Consécutivement à la crise de Suez en 1956 10, et alors que
le gouvernement des Officiers Libres n'avait encore adopté (ou
défini) aucune doctrine en matière de politique économique, la loi
22 de janvier 1957 décrétait la confiscation des 3 banques
britanniques et des 2 françaises. Ainsi, Barclay's Bank est devenue
la Banque d'Alexandrie (aujourd'hui quatrième banque du pays,
publique) ; la Ottoman Bank et la Ionian Bank ont été absorbées
par Bank al-Gomhouriyya ; le Comptoir National d'Escompte de
Paris et le Crédit Lyonnais ont, quant à eux, été absorbés par la
Banque du Caire. Cette loi requérait également qu'en janvier 1962,
toutes les banques étrangères soient détenues par des Egyptiens.

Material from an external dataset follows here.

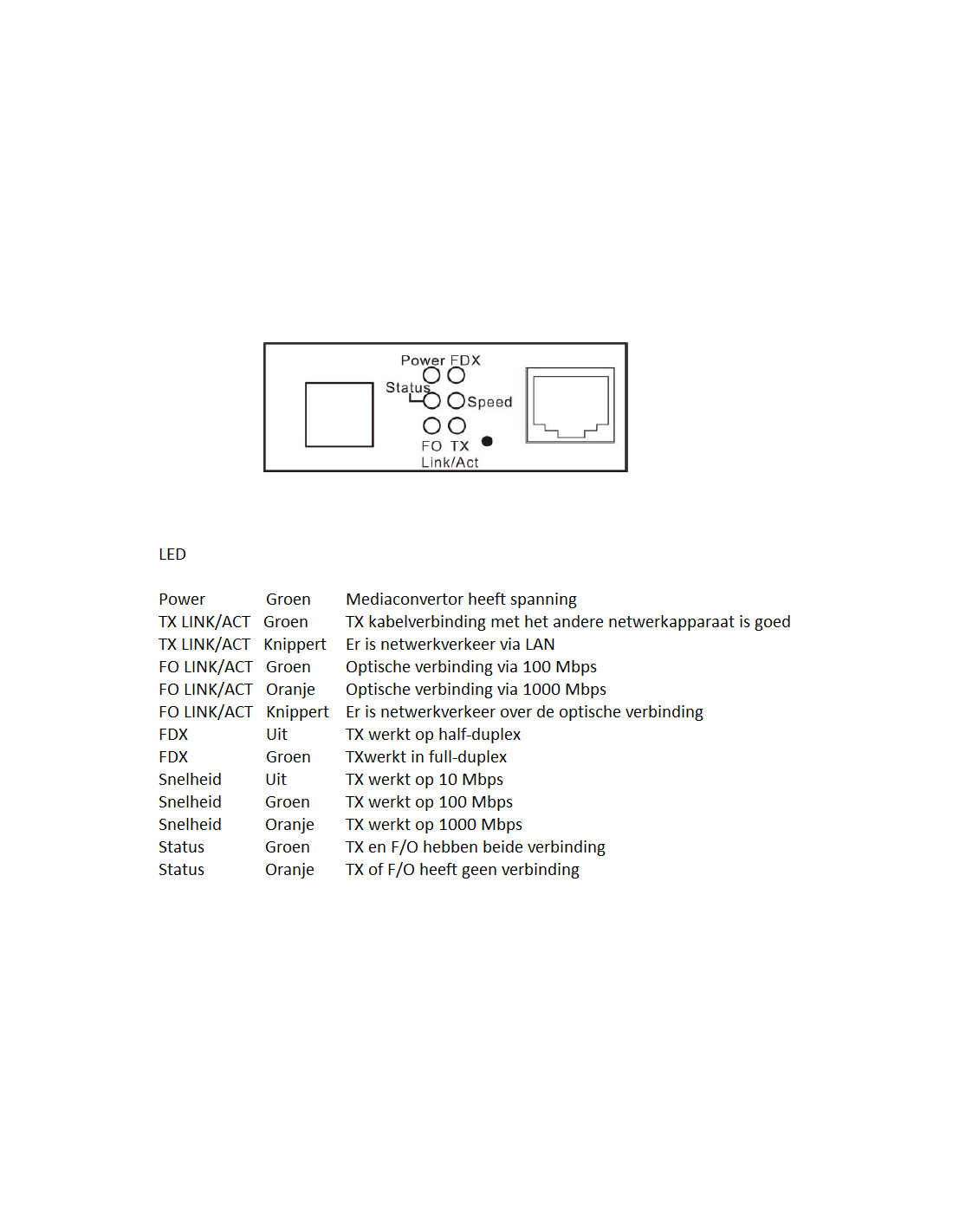 - Wanneer de TX Link/ACT LED en de F/O Link/ACT LED gaan branden is er een succesvolle verbinding

Mais, la capacité d'absorption du marché égyptien étant limitée
(étant donné le manque de liquidités), 6 banques ont été fusionnées
à des banques existantes, et 8 ont été liquidées. 1957 est également
l'année des premiers pas vers la nationalisation du système
bancaire. Toutes les actions de la NBE détenues par des étrangers,
évaluées alors à 29,8 £e l'action, ont été acquises puis nationalisées
par l'Organisation pour le Développement Economique, institution
créée à cet effet. La loi 39 de février 1960 décidait la
nationalisation de la Banque d'Alexandrie, de la banque de Port
Saïd, et de la Banque Misr. Le même mois, la loi 40/1960 décidait
la nationalisation du capital de la NBE encore détenu par des
personnes privées égyptiennes' I .
A la fin de l'année 1960, l'Etat égyptien détenait :
- 100 % du capital de : la NBE, la Banque d'Alexandrie, la Banque
Misr et la Banque de Port Saïd ;
- 45,2 % du capital de la Banque du Caire ;
- 25,2 % du capital de Bank al-Gomhouriyya ;
- 25,1 % de la Commercial Union Bank.